東北大学は武田薬品工業ではランク外となったが、アステラス製薬では人数が増えている。また東京工業大学は、21年は3社でランク外だったが、22年はすべてでランクインした。
武田薬品工業では、金沢大学、愛媛大学、山口大学といった地方国立大学が新たにランクインしており、採用エリアを広げている様子がうかがえる。逆にアステラス製薬は、21年にランクインしていた静岡県立大学、神戸大学など地方大学がランク外となり、首都圏の大学が増えている。中外製薬では、立命館大学がランク外となり、代わって早稲田大学が5位に浮上した。

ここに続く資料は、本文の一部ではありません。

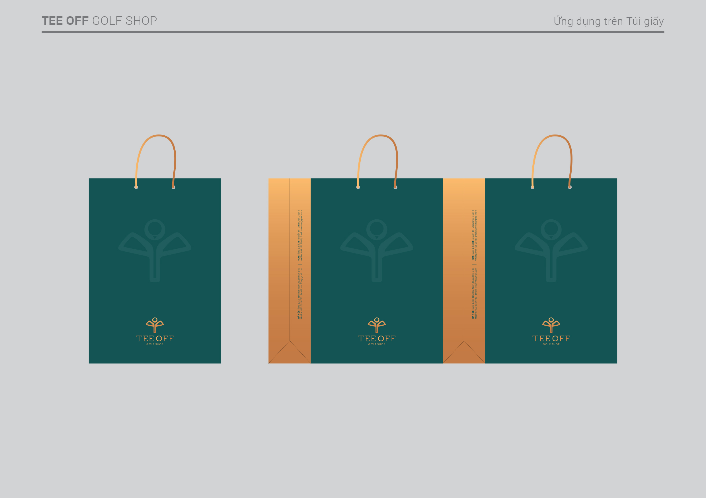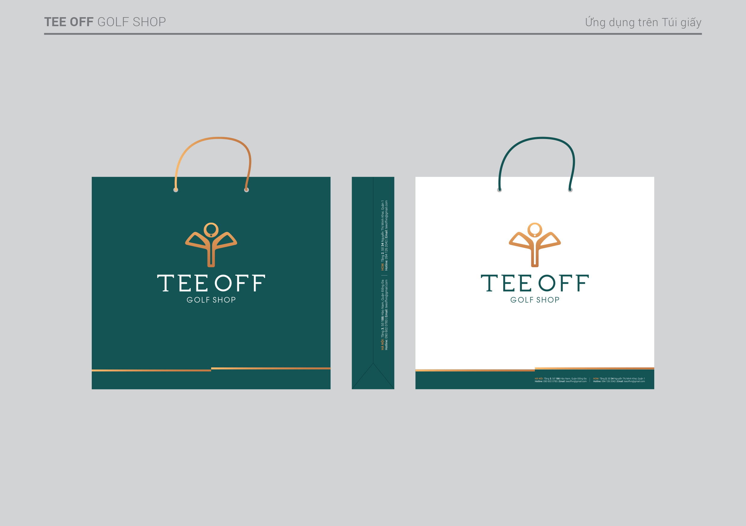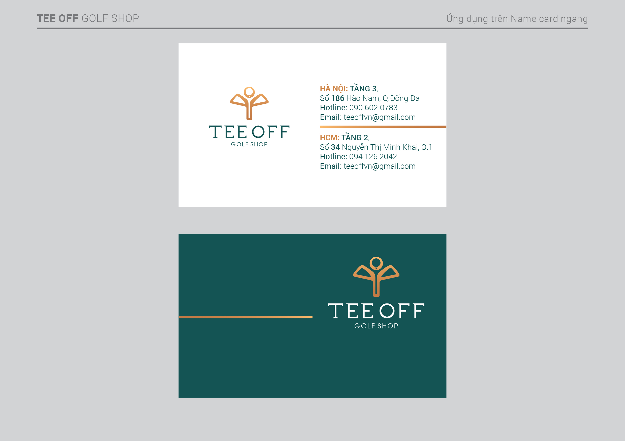 Ứng dụng rộng rãi Logo vào các ấn phẩm quen thuộc: Name Card, Túi giấy, Biển hiệu cửa hàng, Biển vẫy, Thư cảm ơn, Bì thư, Đồng phục. Với mỗi ấn phẩm đến được với tay khách hàng cũng đồng nghĩa với việc cái tên TEE OFF sẽ dần trở nên quen thuộc hơn với cộng đồng Golfer trong và ngoài nước.

一方で、薬学の専門性を養う薬科大学については、21年は東京薬科大学、岐阜薬科大学、京都薬科大学、明治薬科大学の4校がランクインしていたが、22年では武田薬品工業の東京薬科大学の1校だけとなった。少なくともこの3社の中では、難関国立大学の地位が薬科大学よりも相対的に向上したといえそうだ。
*この記事は、株式会社大学通信の提供データを基に作成しています。
医科・歯科の単科大等を除く全国743大学に2022年春の就職状況を調査。558大学から得た回答を基にランキングを作成した。就職者数にグループ企業を含む場合がある。大学により、一部の学部・研究科を含まない場合がある。青山学院大以外は大学院修了者を含む。東京大学は「東京大学新聞」、京都大学は「京都大学新聞」より集計。大阪公立大は統合前の大阪市立大と大阪府立大の実績を掲載した。(調査/大学通信)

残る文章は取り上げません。